23 December 2006

The magical mini dress

The mini dress has been touted as the item to have since last winter. For a trend that can only be worn by a select few, let my rephrase, *should* be worn only by a select few, the minidress has stayed remarkably in vogue for months. Those singing its praises in the early days were primarily the style watchers who work for elite fashion magazines; you know the kind, those who put items from Barney's CO-OP in their token don't-break-the-bank features. I'm usually wary to listen to any advice those people give, not because I think they're wrong - not at all - but because I know I'm not part of their target audience. That being said, in the beginning of this whole mini dress phenomenon, I tried not be wooed by it. Let me be clear, the operational definition of "mini dress" is the high-fashion mini, not the tops-turned-dresses Britney's lady bits have been peeking out of lately. Up until July, I had convinced myself the mini was an impractical, undignified, just-not-me article of clothing. I liked not having my bare ass exposed to taxi cab vinyl, and with the strong winds that come out of nowhere in DC...from an analytic standpoint, donning a dress cut 8 inches above my knee didn't make sense. Down boys, down.
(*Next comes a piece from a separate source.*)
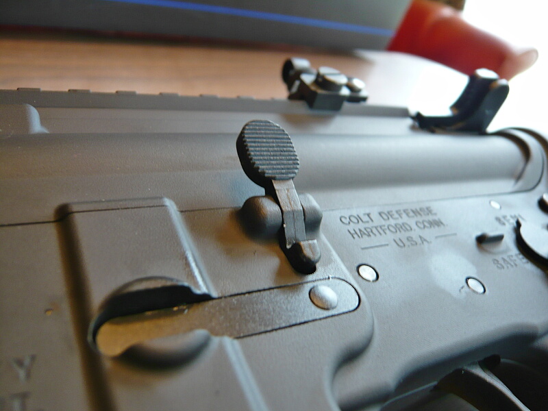 ボルトストップが掛かっている時はレシーバー左のボルトキャッチが持ち上がった状態になっています。

But then the East Village happened. That part of New York is fashion Narnia for me. When I first found myself at the corner of 9th and some letter street, it wasn't the fashion that drew me to the neighborhood, it was the Cuban restaurant with the spicy corn on the cob, the old record store that had an entire section of hard-to-find Teddy Wilson music, and the conveniently situated Rite-Aid that carried the ever elusive Diet Minute Maid orange soda. After a few blocks and a mouthful of corn, I discovered its true draw -- the vintage stores. Oh, the vintage stores!

It was in one of these lovely, tucked away little shops that my scorn for the minidress made an abrupt transition to adoration. In the space of one sunny July afternoon, I fell in love. Like most relationships, falling in love with my ivory knit mini dress with exaggerated puff sleeves and girly collar wasn't an easy or immediate process. As many vintage stores are, the racks at this particular store were so jam-packed in a melange of varying colors, fabrics, and styles that I got both a headache and a tricep workout moving each hanger. Fortunately, the drama in my dress was so severe I caught it right away. When I liberated it from the others, I truly had a moment. One of those I-will-never-forget-this-moment moments. I had just found my favorite dress. If in that store, that day, at that moment, I had been given the chance to swap that dress with any other dress - even this Marchesa dress - I wouldn't have. That's how much I loved it. And it wasn't even a mini when I found it, but thanks to Ahmet at Marrakesh, an alteration store a few doors down, it was 3 hours later. The store where I found my prize dress is unfortunately no longer in business, but that makes the story that much more charming. It's as if it appeared for the sole purpose of bringing my dress and me together, and once we'd found each other, poof, it was gone -- off to matchmake somewhere else.

The story of my magical mini dress is one I'm sure I'll tuck my daughter into bed with one day. It's about as face-to-face with fantasy as I've ever come. Or ever will. The life lesson, or fashion lesson, is to never close your mind to something before you try it. You may just get lucky like I did and fall head-over-stilettos in love.

The picture of Cameron Diaz really serves no purpose other than to reinforce the point that a minidress is indeed magical. She actually doesn't look heinous in this photo, does she? Not from the neck down, anyway.